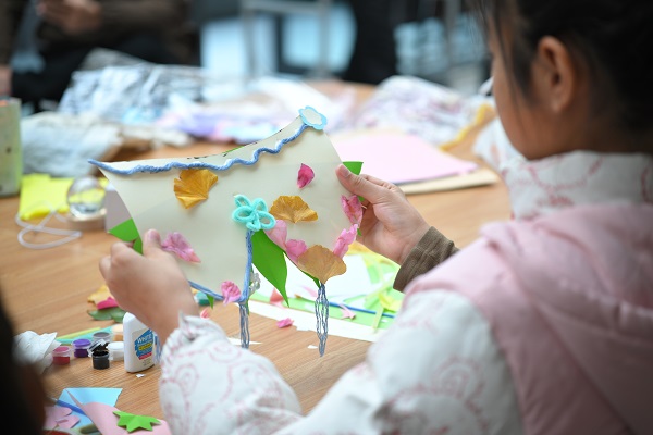 活动第二项,非遗云肩手工环节。经济与管理学院田蓉蓉老师向孩子们介绍了云肩作为古代服饰配件的文化内涵:“它不仅是装饰,更寄托着吉祥如意的寓意。”台下,志愿者们化身“小教师”,协助孩子们认真裁剪卡纸、粘贴纹样、串起珠花,一步步将想象转化为手中的作品。活动接近尾声,孩子们纷纷将亲手制作的云肩披上肩头,现场气氛达到高潮。轻盈的剪纸云肩随着孩子们的步伐轻轻摆动,传统纹样与现代童真碰撞出别样风采。
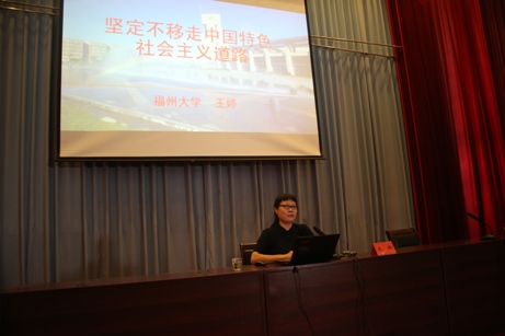 會上,來自福州大學(xué)經(jīng)濟(jì)與管理學(xué)院的王婷教授為全體黨員作了題為《堅定不移走中國特色社會主義道路》的“兩學(xué)一做”專題講座。王婷教授從中國特色社會主義道路、理論體系和制度的豐富內(nèi)涵、辯證關(guān)系方面,緊扣建設(shè)中國特色社會主義總依據(jù)、總布局、總?cè)蝿?wù),闡述了奪取中國特色社會主義新勝利的八個“堅持”內(nèi)容,加深了院全體黨員對中國特色社會主義的理解,對學(xué)院深入開展“兩學(xué)一做”學(xué)習(xí)教育具有一定的指導(dǎo)作用。
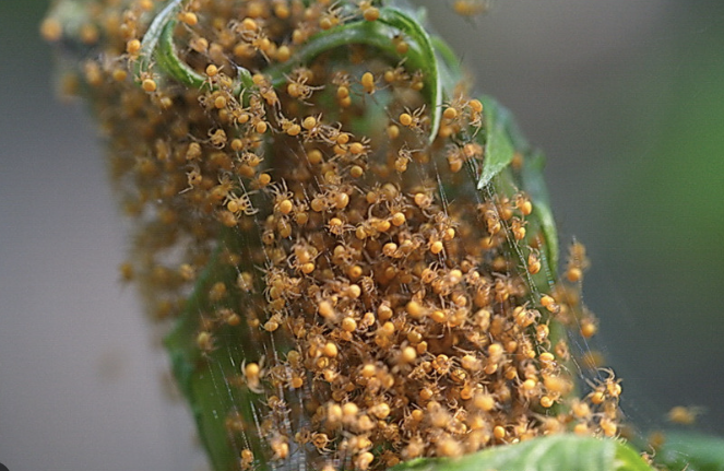 부화한 새끼 거미들은 알주머니 안에서 잠시 머물다가 밖으로 나온다. 일부는 어미 등에 올라타 보호받

== == ==

= DIRECTIONS FOR THIS TASK =
With images omitted, output the data exactly as given.

= TASK OUTPUT =
 活动第二项,非遗云肩手工环节。经济与管理学院田蓉蓉老师向孩子们介绍了云肩作为古代服饰配件的文化内涵:“它不仅是装饰,更寄托着吉祥如意的寓意。”台下,志愿者们化身“小教师”,协助孩子们认真裁剪卡纸、粘贴纹样、串起珠花,一步步将想象转化为手中的作品。活动接近尾声,孩子们纷纷将亲手制作的云肩披上肩头,现场气氛达到高潮。轻盈的剪纸云肩随着孩子们的步伐轻轻摆动,传统纹样与现代童真碰撞出别样风采。
 會上,來自福州大學(xué)經(jīng)濟(jì)與管理學(xué)院的王婷教授為全體黨員作了題為《堅定不移走中國特色社會主義道路》的“兩學(xué)一做”專題講座。王婷教授從中國特色社會主義道路、理論體系和制度的豐富內(nèi)涵、辯證關(guān)系方面,緊扣建設(shè)中國特色社會主義總依據(jù)、總布局、總?cè)蝿?wù),闡述了奪取中國特色社會主義新勝利的八個“堅持”內(nèi)容,加深了院全體黨員對中國特色社會主義的理解,對學(xué)院深入開展“兩學(xué)一做”學(xué)習(xí)教育具有一定的指導(dǎo)作用。
 부화한 새끼 거미들은 알주머니 안에서 잠시 머물다가 밖으로 나온다. 일부는 어미 등에 올라타 보호받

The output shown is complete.